4.4 Colour gradients evolution

A further clue to the evolution of galaxies may be provided by radial colour gradients. These reflect the 2D distribution of stellar populations as well as their kinematics. The existence of colour gradients in nearby ellipticals (e.g. Saglia et al. 2000; Tamura & Ohta 2000) is best explained as being due to a mild metal abundance gradient with radius (richer inward) and its apparent dependence on galaxy luminosity (e.g. in Coma; den Brok et al. 2011) suggests a model where the majority of the stellar populations were assembled early in rapid mergers or dissipational collapses, as a more extended hierarchical merger scenario would tend to erase such gradients (Kobayashi 2004).

In Paper I we showed through the ratio of rest-frame B- and R-band Reff that the 1 < z < 1.4 CRSGs had significant radial colour gradients, becoming bluer with radius. The strength of these gradients was such that they could not be explained by abundance variation, implying that they were a symptom of radial age gradients in the stellar population of each galaxy. Following Paper I, we have derived colour gradients for our galaxies, extending the treatment by converting the observed Reff and n in the two B and R bands to a more conventional Δ(BR)/Δlog r (La Barbera et al. 2002). To do this we determine the colours at 1 and 2Reff, sufficiently large radii to not have the measurement compromised by either the PSF or pixel size, even for the most distant objects.

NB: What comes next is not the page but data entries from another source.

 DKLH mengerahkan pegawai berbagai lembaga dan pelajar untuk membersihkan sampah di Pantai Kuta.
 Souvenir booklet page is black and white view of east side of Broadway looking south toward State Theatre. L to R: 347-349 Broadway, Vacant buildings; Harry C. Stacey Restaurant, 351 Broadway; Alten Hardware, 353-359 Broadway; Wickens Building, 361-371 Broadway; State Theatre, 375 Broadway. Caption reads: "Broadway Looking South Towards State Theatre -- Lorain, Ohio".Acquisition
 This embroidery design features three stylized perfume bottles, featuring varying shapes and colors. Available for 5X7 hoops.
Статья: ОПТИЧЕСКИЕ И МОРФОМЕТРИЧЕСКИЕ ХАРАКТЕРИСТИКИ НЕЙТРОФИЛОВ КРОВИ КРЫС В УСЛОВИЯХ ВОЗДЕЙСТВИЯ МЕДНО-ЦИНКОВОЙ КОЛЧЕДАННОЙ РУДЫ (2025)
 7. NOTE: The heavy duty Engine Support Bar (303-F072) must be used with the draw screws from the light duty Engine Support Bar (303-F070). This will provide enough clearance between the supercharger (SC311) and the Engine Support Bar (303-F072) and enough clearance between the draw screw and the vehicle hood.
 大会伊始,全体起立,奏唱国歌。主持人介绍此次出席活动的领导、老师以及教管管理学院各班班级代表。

In order to display the results of this procedure and gain insight into how the gradients depend on stellar mass, for each redshift range we show the derived colour gradients and best-fitting straight line from a biweight estimator (e.g. Beers et al. 1990) in Fig. 7, plotted versus Rz = 0.22 as in previous figures. The units of the colour gradients are magnitudes per decade in radius. The statistical uncertainty on each derived value is low (typically <0.1 mag per decade in radius) given the errors on n and Reff from galfit (typically less than 1 per cent). Consequently the scatter in and breadth of the distributions is a real reflection of the scatter in the properties of the objects at each redshift.

Colour gradients for galaxies in clusters at all redshifts we consider. Each panel corresponds to a redshift interval as indicated in the legend.
Figure 7.

Colour gradients for galaxies in clusters at all redshifts we consider. Each panel corresponds to a redshift interval as indicated in the legend.

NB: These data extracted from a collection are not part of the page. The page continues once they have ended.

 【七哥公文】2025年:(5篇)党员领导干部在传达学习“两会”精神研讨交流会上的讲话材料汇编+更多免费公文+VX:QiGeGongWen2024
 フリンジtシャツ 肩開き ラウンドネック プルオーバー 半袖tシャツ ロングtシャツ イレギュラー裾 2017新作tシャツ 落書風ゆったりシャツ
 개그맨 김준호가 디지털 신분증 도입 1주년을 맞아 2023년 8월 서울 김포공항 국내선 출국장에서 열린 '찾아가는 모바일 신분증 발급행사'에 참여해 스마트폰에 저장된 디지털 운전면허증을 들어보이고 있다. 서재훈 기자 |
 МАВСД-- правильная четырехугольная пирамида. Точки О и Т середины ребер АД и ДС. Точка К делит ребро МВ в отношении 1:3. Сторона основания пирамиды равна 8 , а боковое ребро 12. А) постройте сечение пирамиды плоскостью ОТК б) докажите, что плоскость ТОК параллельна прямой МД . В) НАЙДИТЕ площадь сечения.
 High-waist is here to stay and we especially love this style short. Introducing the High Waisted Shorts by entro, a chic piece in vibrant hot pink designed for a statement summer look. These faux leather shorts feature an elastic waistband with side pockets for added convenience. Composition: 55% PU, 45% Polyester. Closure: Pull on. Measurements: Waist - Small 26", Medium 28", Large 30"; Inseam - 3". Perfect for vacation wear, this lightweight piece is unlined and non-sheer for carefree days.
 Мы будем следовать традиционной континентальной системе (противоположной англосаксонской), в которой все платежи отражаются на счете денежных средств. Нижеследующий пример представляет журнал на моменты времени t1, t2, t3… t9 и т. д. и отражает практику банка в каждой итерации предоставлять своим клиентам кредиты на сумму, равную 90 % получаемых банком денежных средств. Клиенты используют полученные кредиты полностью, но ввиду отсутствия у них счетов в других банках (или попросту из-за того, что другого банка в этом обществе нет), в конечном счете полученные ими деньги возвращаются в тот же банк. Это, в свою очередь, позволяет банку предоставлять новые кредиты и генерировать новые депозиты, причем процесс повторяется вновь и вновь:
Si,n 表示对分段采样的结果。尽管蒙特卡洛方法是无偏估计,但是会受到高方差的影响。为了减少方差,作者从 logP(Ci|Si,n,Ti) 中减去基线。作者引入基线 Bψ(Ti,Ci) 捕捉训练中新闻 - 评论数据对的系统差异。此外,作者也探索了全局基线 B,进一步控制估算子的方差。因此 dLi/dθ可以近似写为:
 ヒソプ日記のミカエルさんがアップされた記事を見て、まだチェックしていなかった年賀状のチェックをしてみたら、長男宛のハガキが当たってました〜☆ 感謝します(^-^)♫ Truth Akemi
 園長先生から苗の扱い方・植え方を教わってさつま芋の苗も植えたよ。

At lower redshifts, the mean values of the colour gradient at each R-band magnitude are consistent with the usual mild colour gradients (about 0.1–0.2 mag blueward per decade in radius) seen in nearby clusters. At these redshifts we also confirm the existence of a mild trend with luminosity (and presumably stellar mass) extending over 3–4 mag, in the sense that fainter galaxies have milder colour gradients, as seen in the Coma Cluster (den Brok et al. 2011). This relationship appears to persist at least out to z ∼ 0.6 in agreement with earlier studies by La Barbera et al. (2003). Linear fits (with minimum absolute deviation) to the data are shown for the ‘low’ and ‘mid’ redshift bins in Fig. 7. If we interpret the observed gradients as metal abundance gradients, then our data are consistent with a trend of metal abundance with stellar mass, in the sense of galaxies with steeper potential wells having more significant gradients, as in Coma (den Brok et al. 2011). This is more consistent with an inner region dominated by old stellar populations formed dissipationally at high redshift, either by gas-rich early mergers or large-scale gaseous collapses (e.g. Oser et al. 2010).

The picture changes at higher redshifts. At z ∼ 0.2 the gradient is typically −0.1 mag at Rz = 0.22 = 20 while at z > 0.6 this becomes −0.5 mag, but with a larger scatter. At z > 0.6 the outskirts of galaxies seem to become increasingly blue relative to their centres and show an increasing object-to-object scatter in the strength of the gradient (cf. Paper I; Chan et al. 2016 for a similar result). For this reason we do not carry out fits to the data in the ‘high’ and ‘very high’ bins in Fig. 7. The appearance of comparatively strong colour gradients at z > 0.6 is consistent with the results at z ∼ 1.25 in Paper I where the outskirts of the CRSGs were clearly bluer than their centres (even though they were globally red in colour by selection). At these redshifts a significant minority of sources with Rz = 0.22 > 19 appear to have gradients with strength more easily achievable through stellar age gradients, rather than variations in metallicity as is common at lower redshifts.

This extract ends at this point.